§ **What needs to be done**
Give back every line of the data, word for word.

§ **Supplied material**
==*==
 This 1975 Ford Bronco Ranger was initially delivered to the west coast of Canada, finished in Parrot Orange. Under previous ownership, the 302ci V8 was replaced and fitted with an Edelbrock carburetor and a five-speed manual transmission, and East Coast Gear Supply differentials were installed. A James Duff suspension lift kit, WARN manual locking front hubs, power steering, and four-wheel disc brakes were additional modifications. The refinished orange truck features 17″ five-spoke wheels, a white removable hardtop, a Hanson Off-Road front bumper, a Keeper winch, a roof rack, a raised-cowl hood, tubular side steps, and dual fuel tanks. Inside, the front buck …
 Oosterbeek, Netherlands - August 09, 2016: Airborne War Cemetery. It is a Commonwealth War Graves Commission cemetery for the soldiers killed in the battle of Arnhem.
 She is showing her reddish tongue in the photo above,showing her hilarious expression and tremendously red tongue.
==*==
§ **Problem solution**
 This 1975 Ford Bronco Ranger was initially delivered to the west coast of Canada, finished in Parrot Orange. Under previous ownership, the 302ci V8 was replaced and fitted with an Edelbrock carburetor and a five-speed manual transmission, and East Coast Gear Supply differentials were installed. A James Duff suspension lift kit, WARN manual locking front hubs, power steering, and four-wheel disc brakes were additional modifications. The refinished orange truck features 17″ five-spoke wheels, a white removable hardtop, a Hanson Off-Road front bumper, a Keeper winch, a roof rack, a raised-cowl hood, tubular side steps, and dual fuel tanks. Inside, the front buck …
 Oosterbeek, Netherlands - August 09, 2016: Airborne War Cemetery. It is a Commonwealth War Graves Commission cemetery for the soldiers killed in the battle of Arnhem.
 She is showing her reddish tongue in the photo above,showing her hilarious expression and tremendously red tongue.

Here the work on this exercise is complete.